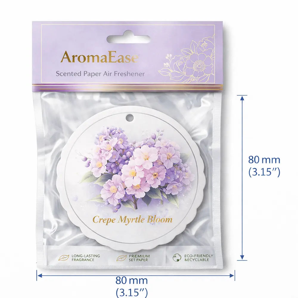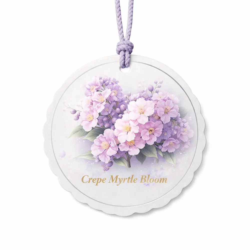A delicate and elegant hanging paper air freshener inspired by Crepe Myrtle blossoms, featuring soft purple floral artwork and a refined circular design. Crafted with a multi-layer paper structure, it slowly releases a gentle, long-lasting fragrance, creating a calm and refreshing atmosphere. Perfect for use in cars, closets, or small indoor spaces, this air freshener combines aesthetic beauty with functional scent diffusion, making it an ideal choice for both everyday use and premium gift or branding applications.
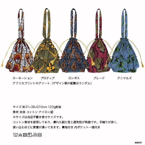 【 送料無料 メール便発送 】 アフリカンバッグ アフリカンプリントバック バッグ BAG アフリカ柄 巾着バッグ フリルバッグ レディース 女性 フリルトート おしゃれで個性的な巾着バッグ!南部アフリカの美しいプリント柄が魅力のアイテムです。スカートのような可愛いフリルが、女性らしさを引き立ててくれます。マチがしっかりあるので、収納力抜群。絞ってもそのまま持ち運べて、自分好みにスタイリングできるのがポイントです。お出かけやデイリーユースにピッタリなバッグをあなたのコーディネートに おすすめ アブロイ ABROI
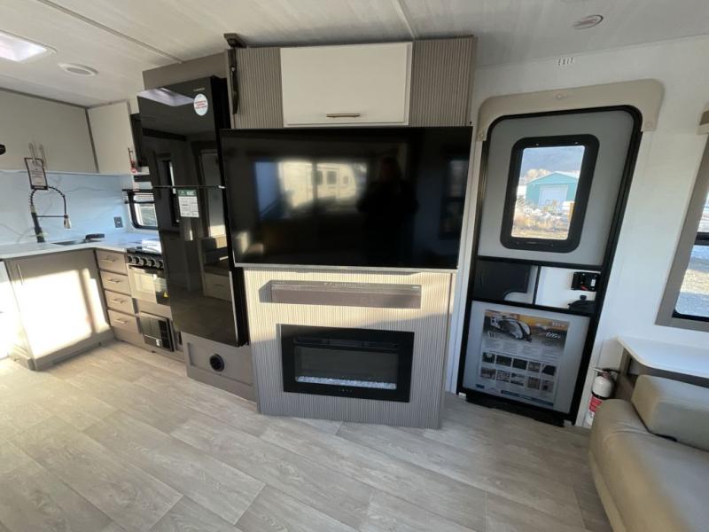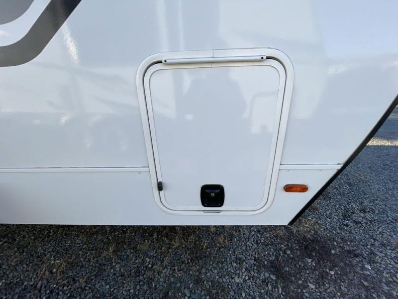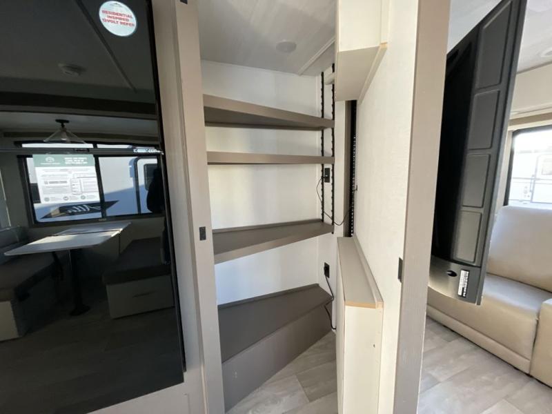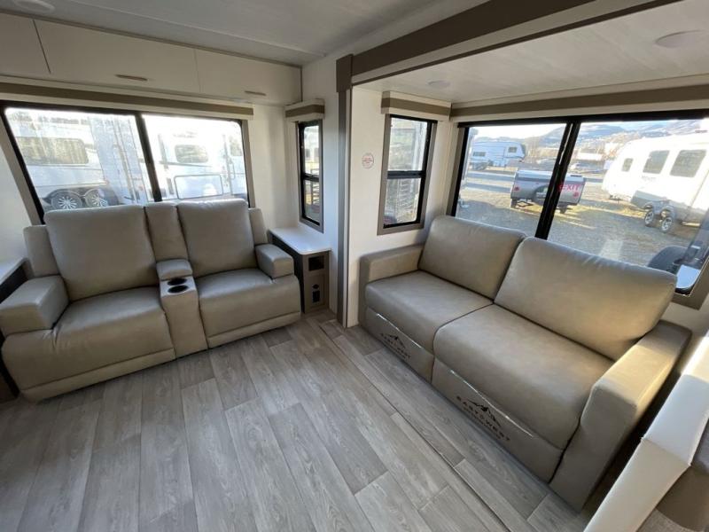 You'll feel right at home in this rear living travel trailer that includes theater seats and a front master bedroom with a king bed. The walk-through bath includes a medicine cabinet and a shower skylight to let natural light in, and the bedroom includes its own exterior entry door for convenience. When you're not relaxing outdoors under the 21' power awning with LED lights, you can play a game at the booth dinette or relax on the tri-fold sofa. This model also includes a pass-through storage for your larger camp gear and a universal docking station for easy access to your hookups.
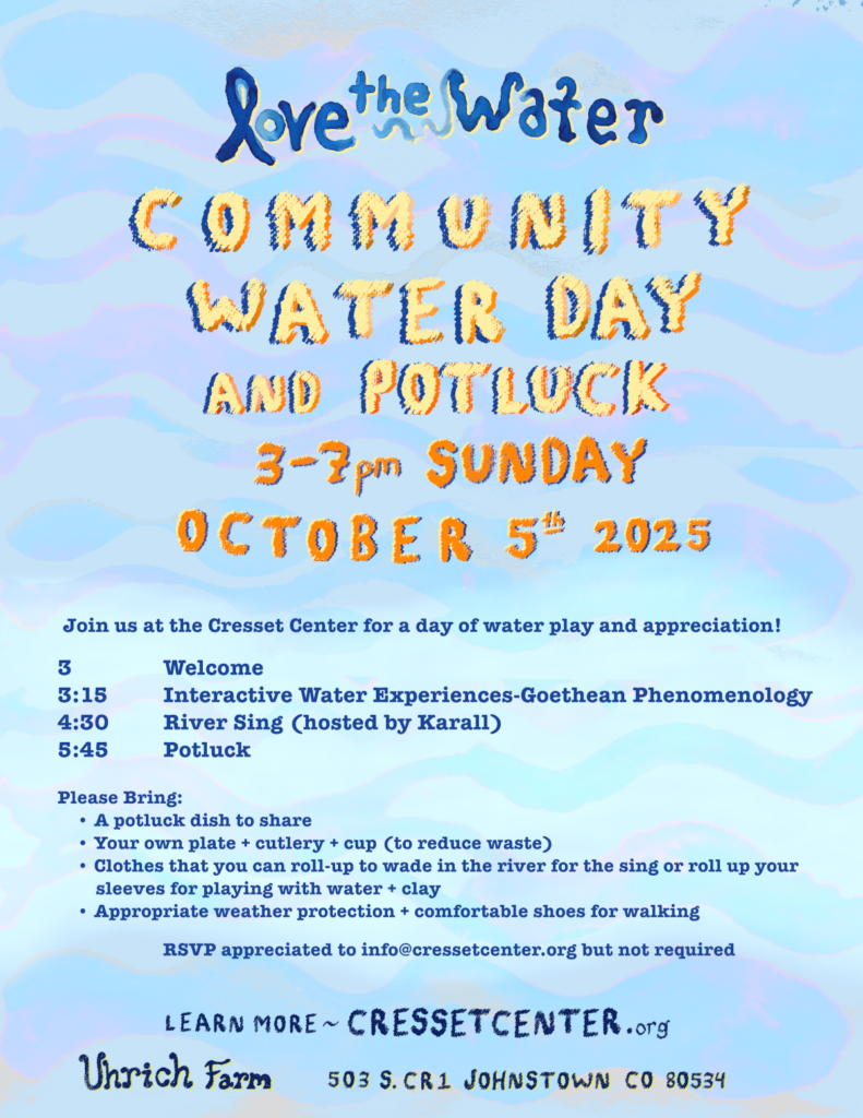 From 2pm to 6pm. We will begin with Goethean water phenomenology which is appropriate for all ages to engage with the wonder of water. Next, we will walk down to the river where Karall will host her River Sing. We will finish the day with a community potluck.
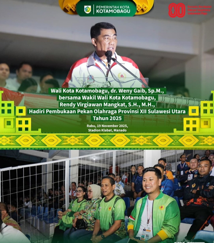 BOGANINEWS, KOTAMOBAGU – Wali Kota Kotamobagu, dr. Weny Gaib, Sp.M., bersama Wakil Wali Kota Kotamobagu, Rendy Virgiawan Mangkat, S.H., M.H., Hadiri Pembukaan Pekan Olahraga Provinsi (Porprov) XII Sulawesi Utara, bertempat di Stadion Klabat, Manado, pada Rabu 19 November 2025.
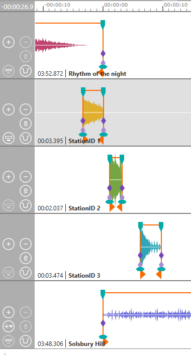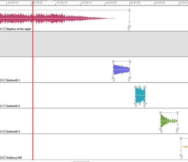 To insert the "StationID 1" jingle, press "DROP 1/START NORMAL/FADE OUT" (or "DROP 1/START DUCKED/DUCK/UNDUCK" if you want to have reduced volume). This makes "StationID 1" jump left to the current sound head position. "Rhythm of the night" continues to play, but you can use the "MUSIC 1/START NORMAL/FADE OUT" to fade out the music at any time.
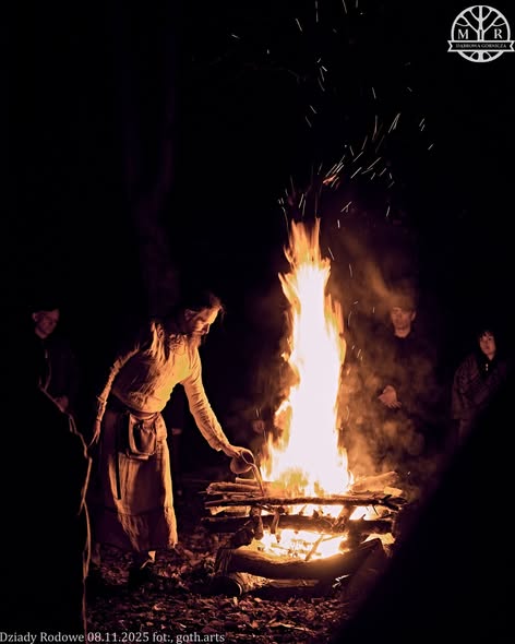 Náš zámer byť hosťami nám „gromada“ odobrila a tak sme v sobotu 8.11 vyrazili na sever. Schádzali sme sa ešte za vidna, precvičovali sa spevy, chystal oheň, pripravovali obetiny i oltár. Po zotmení vytvorením kruhu, očistením priestoru a zapálením ohňa začali obrady. Hovorilo sa k Bohom, silám. Po každom hovore sa do ohňa vkladala obetina. Nasledovali hovory k predkom, volanie na ich slávu. Každý v kruhu povedal niečo k predkom a následne vlial obetnú medovinu buď do Ohňa, alebo do Zeme. Obrad viedol žrec Bartosz Zawadzki, s ktorým som pre vás spravil krátky rozhovor.
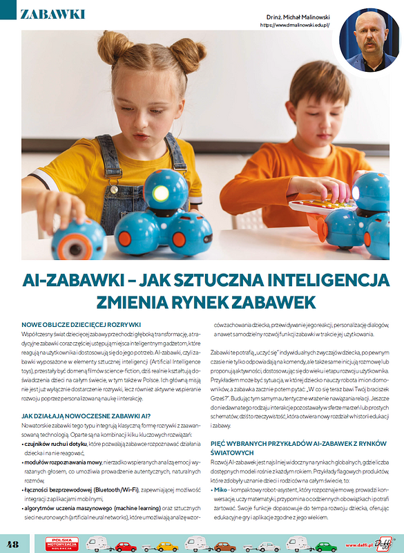 Artykuł przedstawia dynamikę rozwoju inteligentnych zabawek wyposażonych w elementy sztucznej inteligencji. Autor omawia mechanizmy działania tego typu produktów, integrujących tradycyjne formy rozrywki z zaawansowanymi technologiami, takimi jak czujniki ruchu, rozpoznawanie mowy, uczenie maszynowe czy sieci neuronowe. W tekście zaprezentowano przykłady najpopularniejszych rozwiązań rynkowych (m.in. Miko, Anki Cozmo 2.0, LEGO Mindstorms, Sphero BOLT, Sony AIBO) oraz dokonano analizy perspektyw ekonomicznych i edukacyjnych tego sektora. Autor wskazuje, że globalna wartość rynku „smart toys” w 2023 r. wyniosła ok. 12 mld USD i prognozuje wzrost do 25 mld USD do 2030 r. Szczególną uwagę poświęcono sytuacji w Polsce, gdzie rynek AI-zabawek wciąż pozostaje niszowy, głównie ze względu na wysokie ceny i ostrożność konsumentów, lecz stopniowo zyskuje na znaczeniu w edukacji i sprzedaży detalicznej. Artykuł podkreśla potencjał AI-zabawek w rozwoju poznawczym, emocjonalnym i społecznym dzieci, wskazując jednocześnie na konieczność edukacji rodziców oraz dostosowania oferty producentów i dystrybutorów do specyfiki lokalnego rynku.

Problem description: When pictures appear in the records above, leave them out and reproduce exactly each line from the first through the line containing "おすすめ アブロイ ABROI", both included.

Your solution:
A delicate and elegant hanging paper air freshener inspired by Crepe Myrtle blossoms, featuring soft purple floral artwork and a refined circular design. Crafted with a multi-layer paper structure, it slowly releases a gentle, long-lasting fragrance, creating a calm and refreshing atmosphere. Perfect for use in cars, closets, or small indoor spaces, this air freshener combines aesthetic beauty with functional scent diffusion, making it an ideal choice for both everyday use and premium gift or branding applications.
 【 送料無料 メール便発送 】 アフリカンバッグ アフリカンプリントバック バッグ BAG アフリカ柄 巾着バッグ フリルバッグ レディース 女性 フリルトート おしゃれで個性的な巾着バッグ!南部アフリカの美しいプリント柄が魅力のアイテムです。スカートのような可愛いフリルが、女性らしさを引き立ててくれます。マチがしっかりあるので、収納力抜群。絞ってもそのまま持ち運べて、自分好みにスタイリングできるのがポイントです。お出かけやデイリーユースにピッタリなバッグをあなたのコーディネートに おすすめ アブロイ ABROI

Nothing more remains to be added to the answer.